Цедиций ломал руки и жевал нижнюю губу.

– Выкладывай поскорее! Ты думаешь, мне больше нечем заняться? Что сказал этот голос?

– Он сказал: «Галлы идут!» Вот что я слышал, так же отчетливо, как ты слышишь меня сейчас: «Галлы идут!»

Великий понтифик наморщил лоб.

– Галлы?

Тут же подоспел с подсказкой один из его подчиненных.

– Великий понтифик, это дикое племя, обитавшее на севере, за горным хребтом, который называют Альпами. Несколько лет тому назад они обнаружили через эти Альпы проход. Некоторые из них переселились в Италию и основали город под названием Медиолан. Поэты говорят, что в Италию галлов привлекла жажда вина: в своей родной земле у них нет ничего подобного. А речь у них, по слухам, похожа на хрюканье или рычание, очень грубая и режущая слух.

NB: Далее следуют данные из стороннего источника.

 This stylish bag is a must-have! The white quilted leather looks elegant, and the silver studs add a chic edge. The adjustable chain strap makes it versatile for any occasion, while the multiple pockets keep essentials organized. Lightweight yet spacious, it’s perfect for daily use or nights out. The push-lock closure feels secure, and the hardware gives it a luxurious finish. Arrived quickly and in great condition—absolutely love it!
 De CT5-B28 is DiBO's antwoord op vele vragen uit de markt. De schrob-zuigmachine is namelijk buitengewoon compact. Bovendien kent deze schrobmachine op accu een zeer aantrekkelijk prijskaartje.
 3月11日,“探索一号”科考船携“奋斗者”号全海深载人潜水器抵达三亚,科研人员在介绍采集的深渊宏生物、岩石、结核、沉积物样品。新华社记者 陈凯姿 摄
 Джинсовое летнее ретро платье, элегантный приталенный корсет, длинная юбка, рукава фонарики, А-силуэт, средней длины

– Да, я слышал об этих галлах, – сказал великий понтифик. – С какой стати им сюда являться, Марк Цедиций, и какое нам до этого дело?

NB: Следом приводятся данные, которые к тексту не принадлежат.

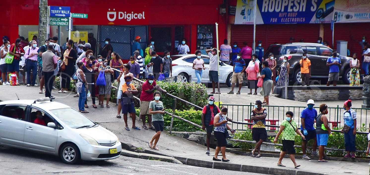 Members of the public stand in a line from Cumming St towards Thomson St in Suva yesterday. World Health Organization director-general Dr Tedros Adhanom Ghebreyesus has urged people to avoid contact as much as possible during the COVID-19 pandemic. Picture: ATU RASEA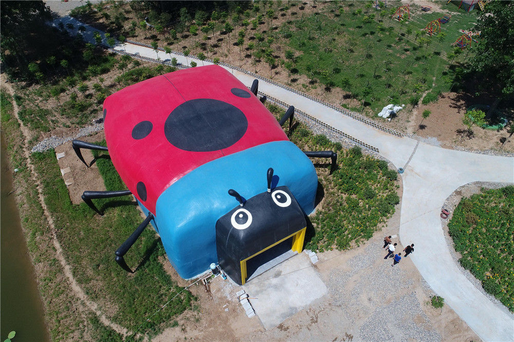 2017年7月23日,湖北省襄陽市,在一處鄉(xiāng)村農家樂景點內,一座七星瓢蟲造型的公廁非常吸引眼球。供圖/視覺中國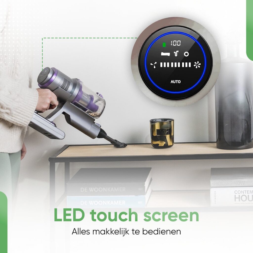 De Heevey steelstofzuiger is voorzien van een led-scherm met touch screen functie. Bedien alles gemakkelijk via de touch screen, de zuigkrachten, de automatische standen of krijg bijvoorbeeld goed inzicht in de batterijduur.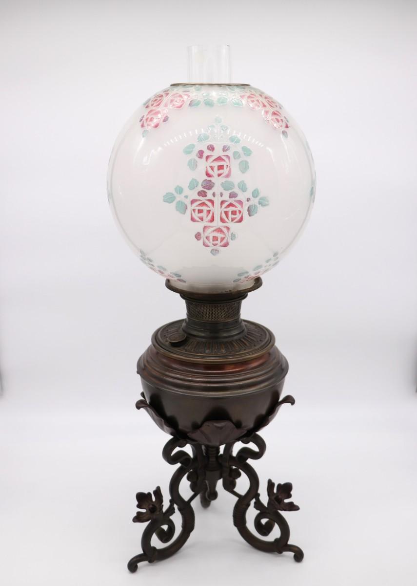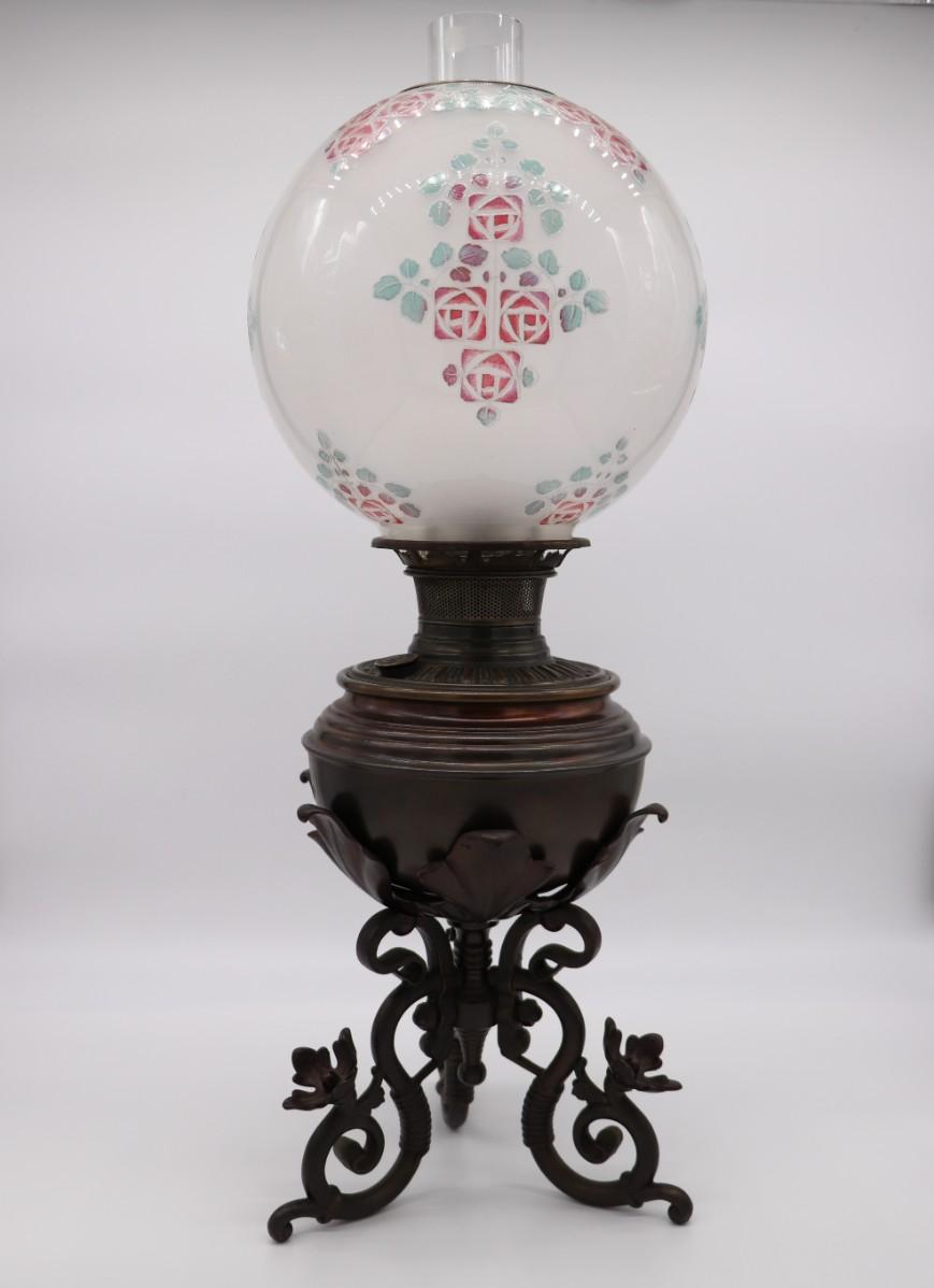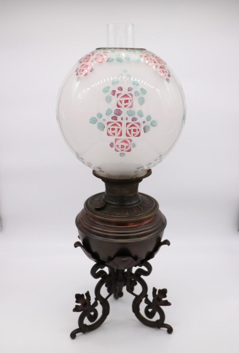 Antique B&H Globe Art Nouveau Floral Kerosene Lamp

Цедиций в отчаянии рухнул на четвереньки, расплескав руками мелкую воду.

– Галлы идут! – кричал он чуть не плача. – Ты что, не понимаешь? Их приход будет ужасен. Это будет самое страшное из всего, виденного ранее! Рок! Смерть! Разрушение! Предупреди магистратов! Беги немедленно и забери с собой весталок! Молись богам о нашем спасении!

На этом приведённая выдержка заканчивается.